2. Track your plants
The core of the app. Add a plant once, log growth whenever you notice something worth remembering.
- Add a plant via the
+ Add Plantbutton in the nav, or /plants/add. Free-form species input gets normalized to a wiki entry when it matches. - Log growth from the plant detail page — pitcher count, health rating, action type (watered / fertilized / sprayed / repotted / pruned), notes, and a photo.
- Group plants into gardens from /gardens — useful for grow tents, shelves, or locations with a shared watering schedule.
- Bulk care from the collection page: select multiple plants, log one action for all of them at once.
3. Contribute photos to the wiki
The species wiki is powered by community photos. Your approved submissions get a credit on the species page and rank you on the contributors leaderboard.
- On the plant's edit page, flip Make this plant public. Private plants can't submit.
- Make sure the species resolves to a wiki entry — hybrids and unknown species can't submit.
- On the plant detail page, scroll to the Photos tab and click
Submit to Wikion your best shot. - Moderators review submissions. Track status (and withdraw if you change your mind) at Settings › My Wiki Contributions.
Heads up: there's no direct text editing of species pages — that's moderator-only. To suggest a change to wiki copy, use Feedback.
4. Post a Help-ID
Got a plant you can't name? Post photos on the Help-ID board and let the community weigh in.
- Click New request or head to /help-id/new.

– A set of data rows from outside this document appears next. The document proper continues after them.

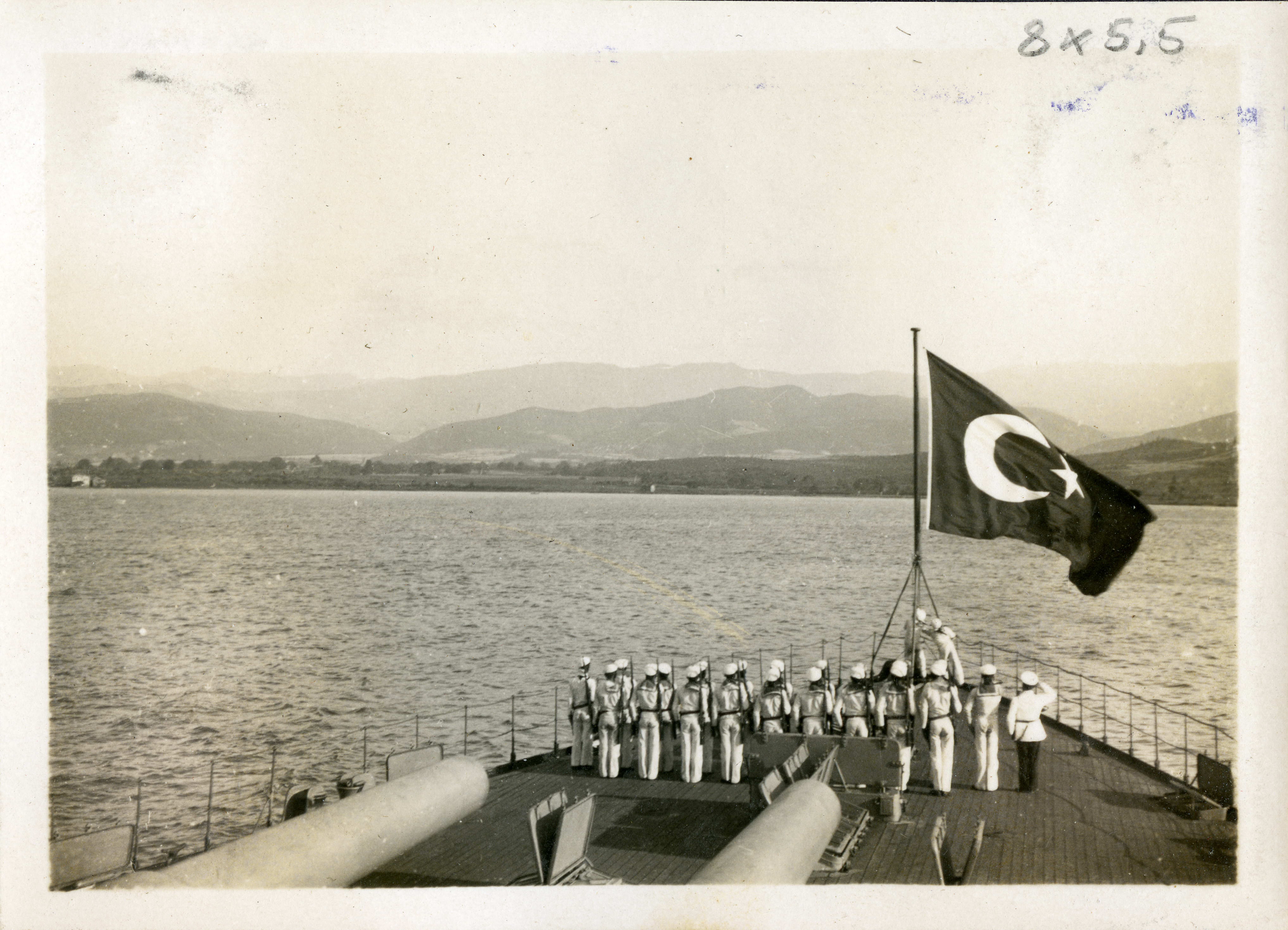Türk donanma gemilerinden birinin güvertesinde bayrak töreni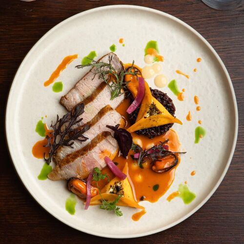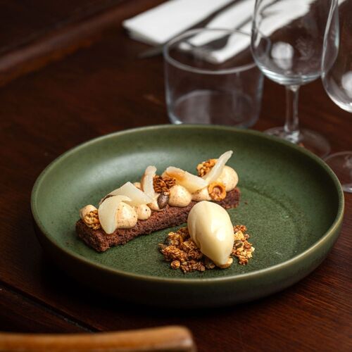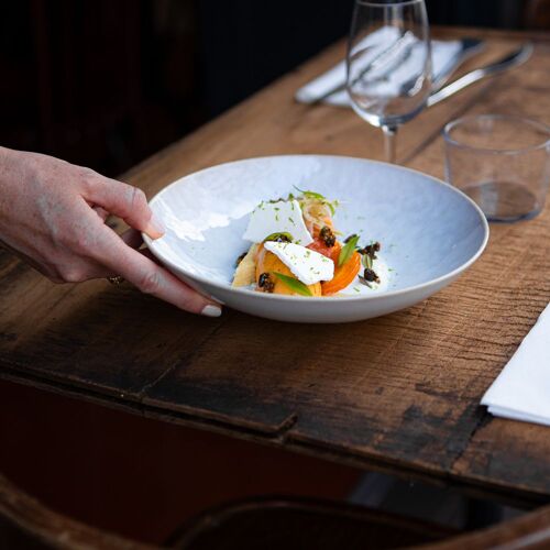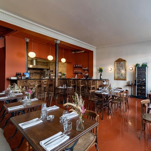 Two partners have created a setting typical of eastern Paris: large bay windows, rough stone walls, bistro-style tables, an open kitchen at the back with a few spots at the counter. The creative cuisine is peppered with influences from near and far – a throwback to the chef's time working for Pierre Sang: think skewer of king trumpet and oyster mushrooms, crunchy vegetables, peanut and nuoc mam sauce; gratin of confit ox cheek, macaroni, parmesan, Roscoff onions and jus court; tarte Tatin-style apples.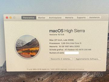 - Sistema operativo macOS High Sierra Versione 10.13.6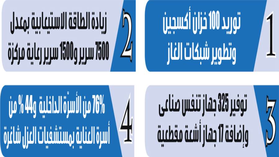 وفى سياق متصل، استعرضت «زايد»، استعدادات الوزارة لمواجهة الموجة الثانية لفيروس «كورونا»، وذلك من خلال تطوير البنية التحتية لـ 44 من مستشفيات الحميات والصدر، وتوريد 100 خزان أكسجين، وتطوير شبكات الغاز، فضلا عن زيادة الطاقة الاستيعابية بمعدل 7500 سرير، و1500 سرير رعاية مركزة، و325 جهاز تنفس صناعي، وإضافة 17 جهاز أشعة مقطعية، كما عرضت إجراءات الوزارة لزيادة وتوفير الأكسجين الطبى بالمستشفيات.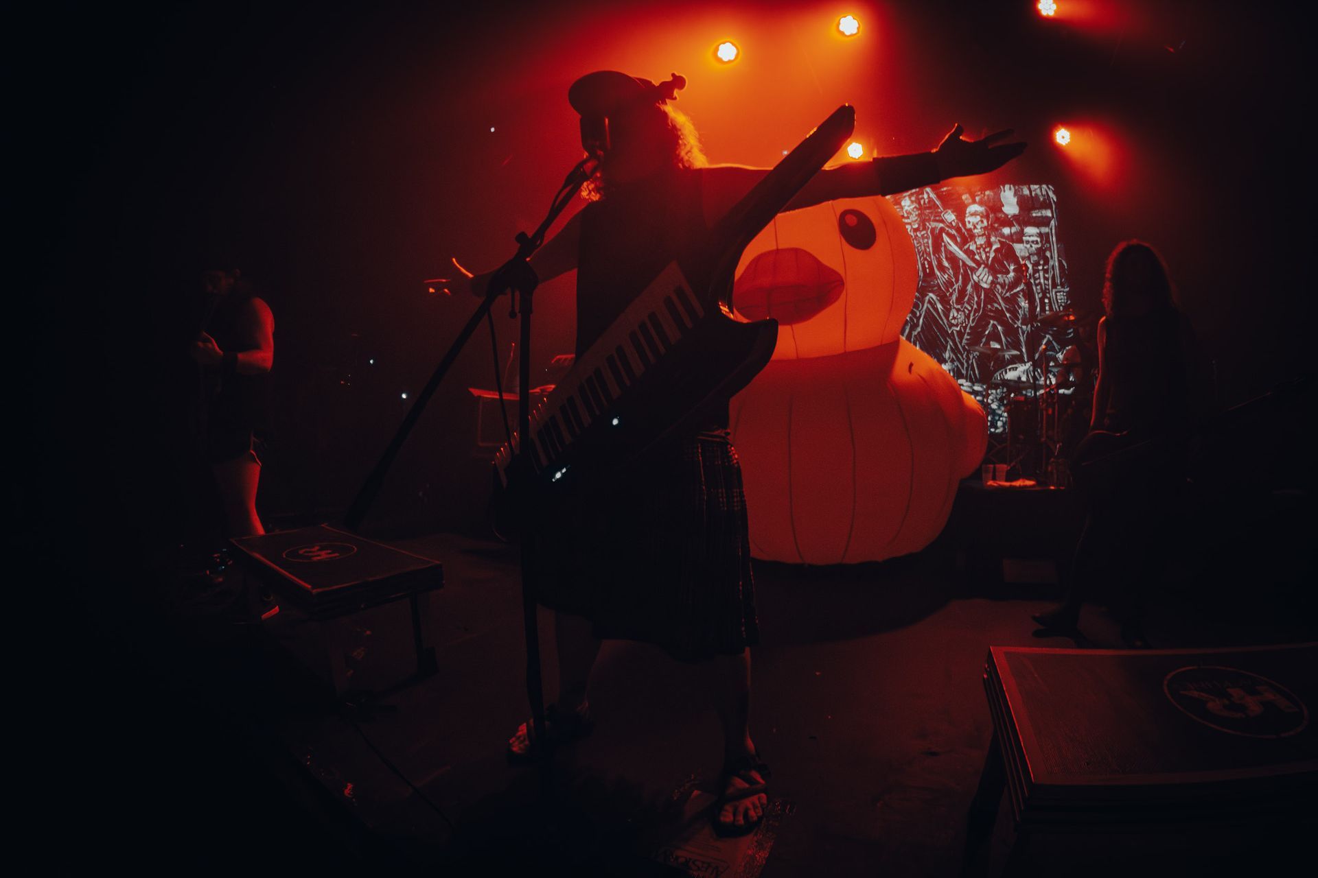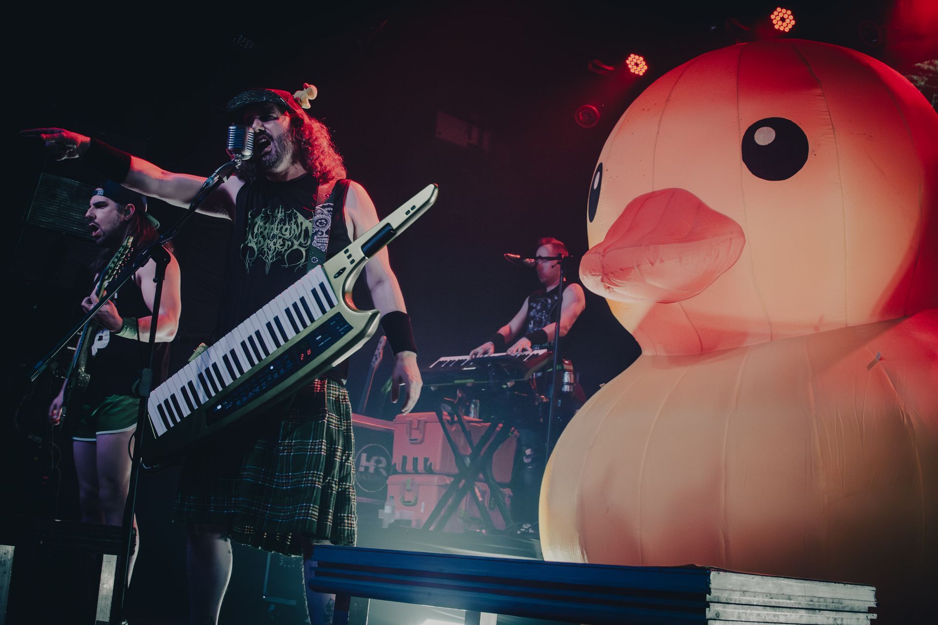 No palco, um único elemento de cenografia que roubava a cena e denunciava que aquela noite seria dedicada à cantoria, aos “ahoy’s” e ao “andar na prancha”: o inigualável patinho de borracha amarelo, clássico não só para os profissionais de T.I., mas também para os fãs e o próprio Alestorm.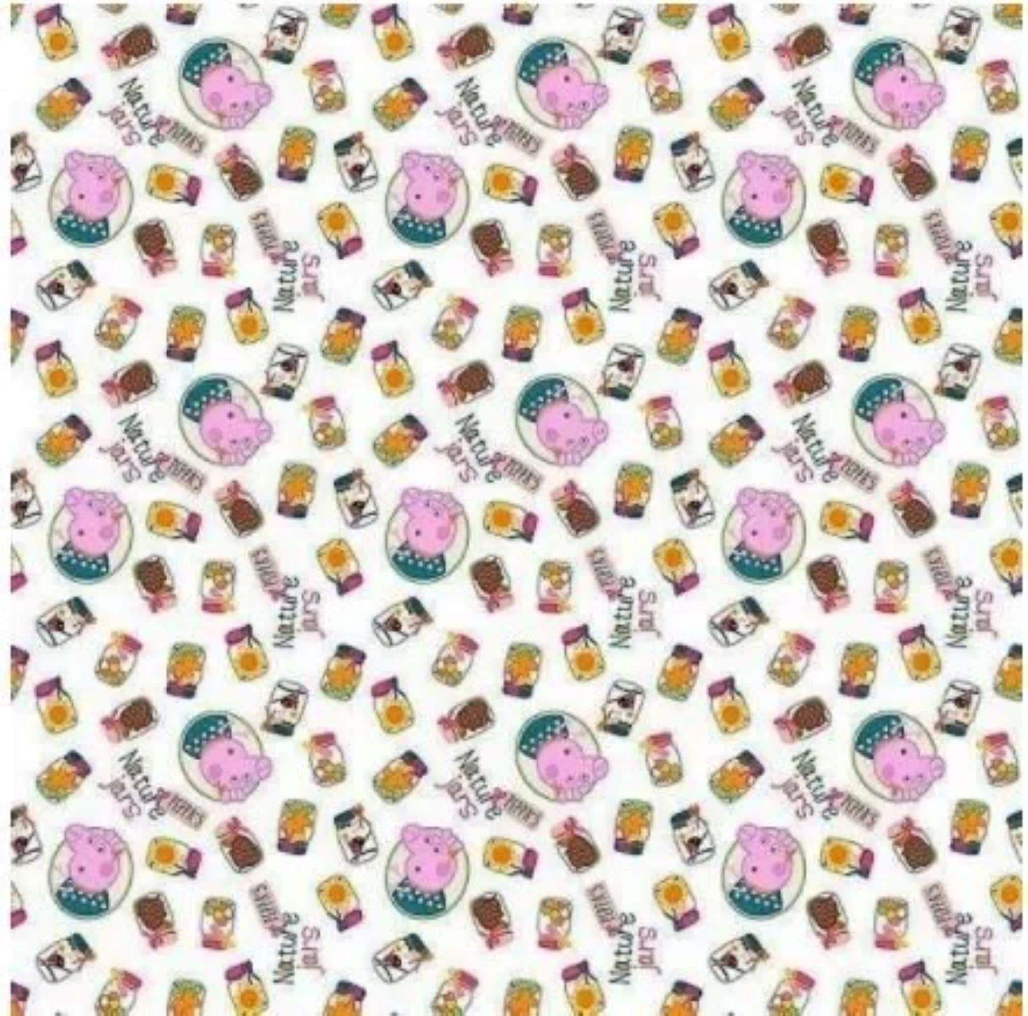 Make sewing fun with this Nickelodeon Peppa Pig Nature Jars 100% Cotton Fabric by Springs Creative. Featuring Peppa Pig surrounded by nature-themed jars and playful designs, this officially licensed fabric is perfect for children’s quilts, apparel accents, décor, and crafts.

- Upload 1–4 photos showing the key ID features (whole plant, close-up of any pitcher / flower / leaf pattern).
- Add optional context — where the plant came from, size, any visible label.
- Other users suggest identifications; you pick the one that looks right, which marks the post resolved.
5. Log wild sightings
Saw something interesting in the wild, a greenhouse, or a nursery? Sightings is the public field-notes feed.
- Open /sightings/new and upload a photo.
- Type the species as best you can — the form normalizes it and deep-links to the wiki when it matches.
- Optionally add a place name, coordinates, and a note about the habitat or context.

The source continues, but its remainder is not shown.